When you move, you feel a loss with leaving your home. You take a walk around every room and remember family dinners, new babies, waking up on Saturday morning in your PJ’s and curled up on your favorite chair. None of us can imagine the horror of leaving our home unexpectedly to save our life. But that’s what happened to thousands in the recent storms that hit the Houston, Texas area.

It didn’t happen without warning. Most Houstonians heard the forecast, and most prepared because it’s part of the weather you deal with every day in Houston. However, no one could imagine a storm with the strength and pattern Hurricane Harvey thrust upon us. As a longtime resident of Houston, I can assure you, I have never seen anything like it and it continues to feel surreal.

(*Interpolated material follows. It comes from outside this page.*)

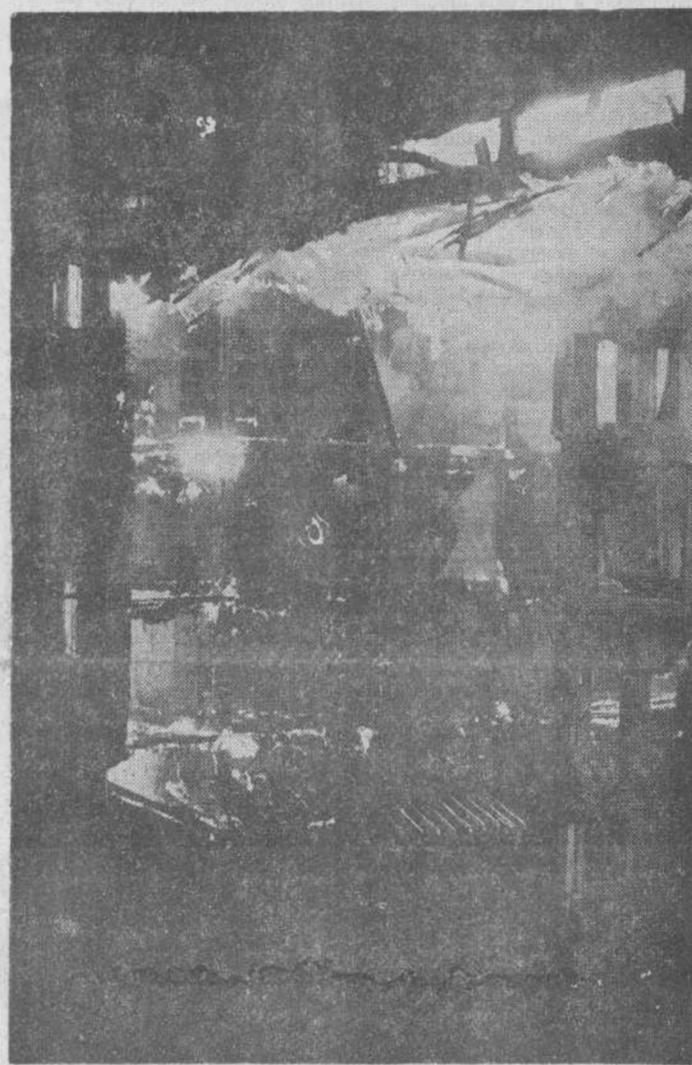
A las pocas horas de iniciarse el siniestro del antiguo Palacio de Macho, no quedaba más que un inmenso brasero.

al ser el siniestro en el centro de la ciudad, a los pocos momentos de haberse declarado puede decirse que miles de santanderinos permanecían como mudos espectadores, viendo el dantesco espectáculo que proporcionaban las llamas.

If you’re one of the people living in Houston, you may feel a sense of relief that you weren’t hit. But you also may feel what thousands feel who survived - a need to help those who lost their homes and risked their life leaving. If you’re trying to help someone as they grieve, it’s important to remember that they will heal faster if you listen and let them talk about it. They won’t get over it, and they won’t ever return to their “normal” self. However, they can return to a more insightful, understanding, and grateful self if you’re willing to be present, listen, and show love instead of talking at them.

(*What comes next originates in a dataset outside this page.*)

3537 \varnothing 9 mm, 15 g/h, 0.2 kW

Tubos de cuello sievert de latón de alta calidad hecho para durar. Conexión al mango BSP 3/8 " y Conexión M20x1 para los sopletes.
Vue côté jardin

A monumental loss, such as a flooded home, is experienced in stages. Elisabeth Kubler-Ross identified five stages that are most commonly experienced after a catastrophic loss. In each stage listed below, I mention what the person may feel like and what you can do to help:

  1. Denial. Initially, most people told themselves they’d be okay. They had family and plenty of food. Upon rescue, people are grateful to simply have their lives and may be in denial about the amount of loss they suffered.

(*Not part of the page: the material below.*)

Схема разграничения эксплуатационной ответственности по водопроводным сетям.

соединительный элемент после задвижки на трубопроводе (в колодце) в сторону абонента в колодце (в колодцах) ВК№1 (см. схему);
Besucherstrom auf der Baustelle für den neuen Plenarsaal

  • HELPER’S ROLE: Reassure them that no one could have predicted the severity of the storm. Reassure them that hindsight is easier, and it’s about what they do with the situation now that will mean the most in their recovery.

  1. Anger. This stage comes and goes and is completely normal as the recovery continues. Why isn’t more being done to help us? How will we make it through? You begin blaming others because of your fear. You want to have some sense of control when you feel out of control.

  • HELPER’S ROLE: Allow them to talk about their anger. Do not judge them as being ungrateful.

  1. Bargaining. As you begin dealing with your anger, you begin making more bargains. This stage is commonly expressed by praying for God to help you, but if God doesn’t work fast enough it fuels your anger again.

  • HELPER’S ROLE: Reassure them that you’re praying with them. Then turn your focus to what the two of you can do together that will help.

  1. Depression. This stage is the most difficult when you’re experiencing it. It goes on and on, and the stress you feel is overwhelming. If extended long enough, you may feel like you don’t even care.

  • HELPERS ROLE: Remind them that you are there, and be present. Become a routine in their life so they can count on you to be there for them. Keep your word and be as consistent as possible. They need to know you are the real thing.

  1. Acceptance. Eventually your feelings of sadness, grief, and overwhelming stress will be accepted. From here, you may begin to see a light. It may not last long, and it may change to anger again, but that’s okay. In this case, it’s normal to feel sad, mad, and accepting all in the same day.

  • HELPER’S ROLE: Take small steps with them. When they get overwhelmed, remind them how far they’ve come and what a good job they’re doing. This is the stage to encourage and remind them of their strength.

There is a catastrophic loss in Texas right now, and that means an incredible opportunity for everyone to reach out, connect, and be part of the healing.